Si le client entre en possession de correspondances confidentielles, il s’engage à leur conserver ce caractère confidentiel, à ne pas les transmettre à des tiers et à ne pas en faire usage tant dans le cadre de la relation professionnelle avec l'avocat qu'en dehors de ce cadre.
5. RECOURS A DES TIERS
5.1. Lorsque l’avocat travaille en association ou en groupement, le client est informé et accepte que la mission soit partagée entre les avocats membres de la société ou du groupement.
5.2. L’avocat est autorisé à faire appel, sous sa propre responsabilité, à des avocats extérieurs au cabinet.
5.3. Le client marque son accord pour que l’avocat choisisse l’huissier de justice ou le traducteur auquel il fera le cas échéant appel dans le cadre de l’exécution de sa mission.
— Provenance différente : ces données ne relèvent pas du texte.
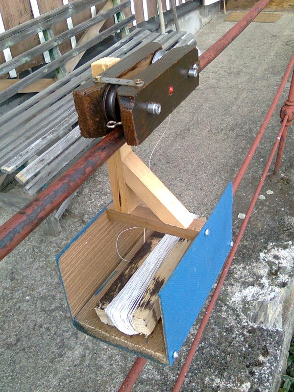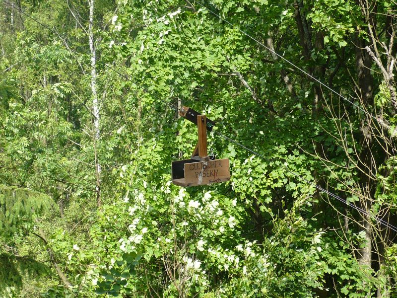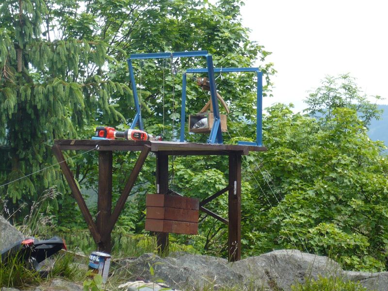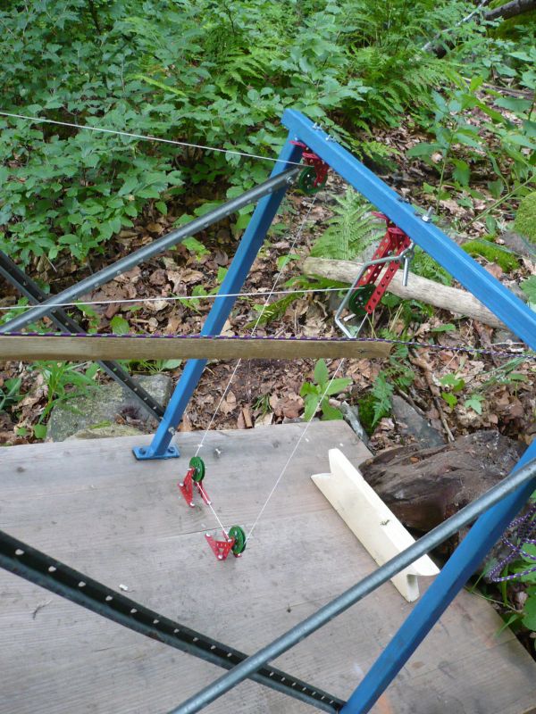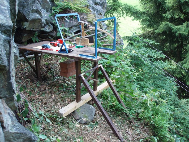 Poprvé jsem přispěl do vlákna o blbnutí s lanovkama, takže historii připomenu udtamtud: Visutá kabinovka se mi nejprve proháněla jen na nataženém provaze mezi stromy. Pak přišla úprava závěsu na jednostranný pro možnost jízdy přes podpěry, pak sbastlení horní stanice ze shnilého schodu. O pár let později již povedenější montáž dolní stanice. Vše poháněno jen taháním za tažný provázek-zde byl po léta největším kamenem úrazu pohon vyžadující plynulou regulaci, obousměrný chod a přívod elektrické energie do lokality hodné provozu této vistuté dráhy pod širým nebem. Až letos na jaře se realizace dočkal funkční a bezporuchový provoz lanovky 36 metrů dlouhé, poháněné akuvrtačkou-340 ot/min, rychlost ~0,75 m/s, napínání je prováděno závažím (15 kg) v horní stanici.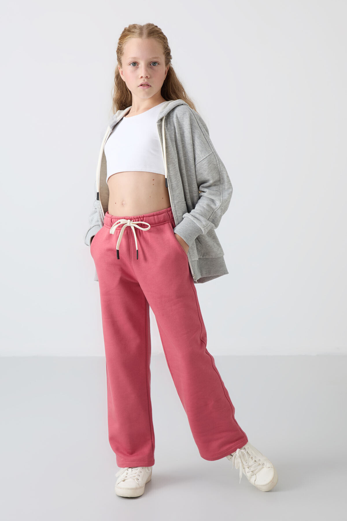 TommyLife Yaban Gülü Pamuklu İçi Tüylü Yumuşak Dokulu Standart Fit Nakışlı Kız Çocuk Eşofman Alt - 75146
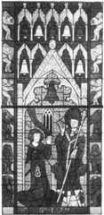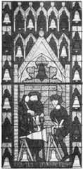 The other two lights have as their mainsubjects scenes from the actual processesof bell-founding. In the left-hand light(Plate9) we have the forming of theinner mould or “core,” as already de[Pg 17]scribed.One figure is turning it witha handle like that of a grindstone, whileanother moulds the clay to its proper formwith a long crooked tool. The core restson two trestles, between the legs of whichtwo completed bells are seen; above area bell and a scroll with the founder’s name.In the right-hand window (Plate10) arethree figures engaged in running themolten metal, which is coloured red. Themetal is kept heated in the furnace bymeans of bellows, worked by two boys,while the chief workman watches themolten stream running into the mould.
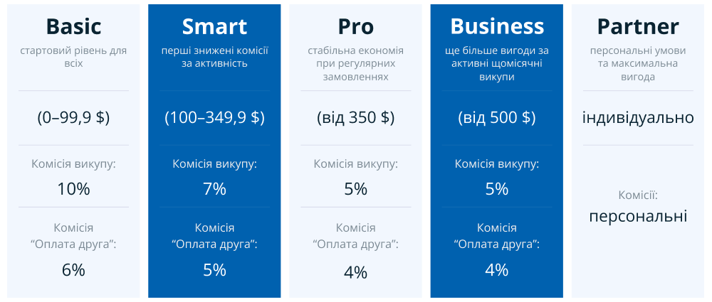 🛒 Викуповуєте товари — система автоматично призначає рівень та комісію.
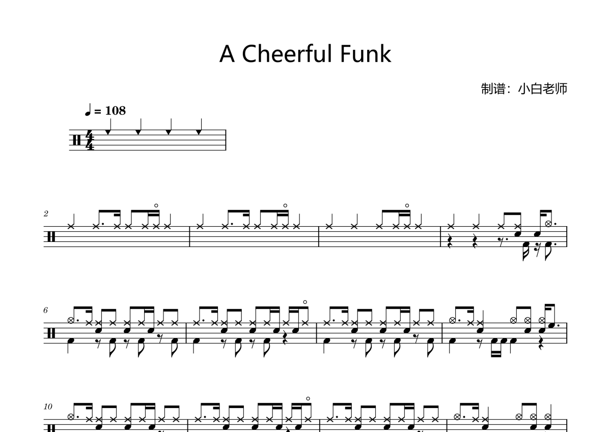 《A Cheerful Funk》是比赛曲目中级演唱的一首歌曲,拍号为4/4拍,歌曲速度为每分钟108拍,这份架子鼓谱共有三张高清图谱,图谱由 @苏小白 编配上传,图谱使用五线谱编配,使用这份A Cheerful Funk架子鼓谱,你将能够轻松地敲打出这首比赛曲目中级的A Cheerful Funk,快来尝试吧。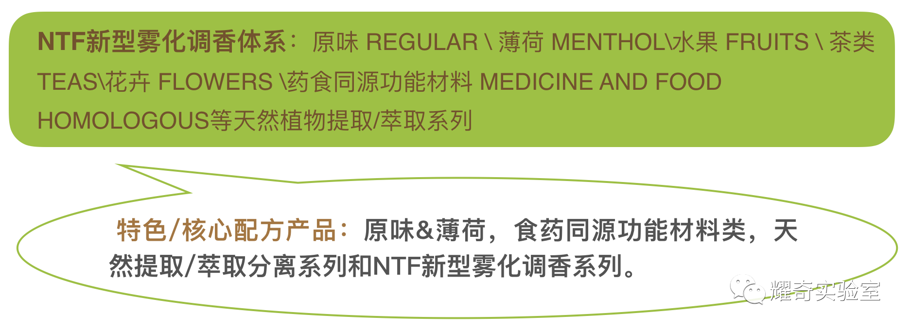 基于耀奇YQLAB的3000+配方数据库和1000+产品解决方案,及15年的调香经验及国际品牌客户服务经验为支持,根据客户具体需求,针对性提供“FY-NTF香味基团”、“FY-NTF新型雾化液配方产品”、“香型配方定制开发及技术服务”3类产品和服务。

En ce cas, l’avocat informera le client du rôle de ce tiers et fournira le cas échéant au client une estimation du coût de l’intervention de ce tiers.
5.4. En ce qui concerne le recours à d’autres tiers, tels que des avocats spécialisés, notaires, experts, conseils techniques, ou comptables, le choix du tiers sera fait par l’avocat après une concertation préalable avec le client. En ce cas, l’avocat ne prendra un engagement vis-à-vis de ces tiers qu’après que le client ait marqué son accord sur la qualité et le rôle de ces tiers dans l’exécution de la mission de l’avocat et du coût de ces interventions. Dans toute la mesure du possible une convention distincte sera conclue, soit par le client directement avec ce tiers, soit par l’avocat avec le tiers, et en ce cas, après que le client ait donné son consentement exprès sur cette convention distincte.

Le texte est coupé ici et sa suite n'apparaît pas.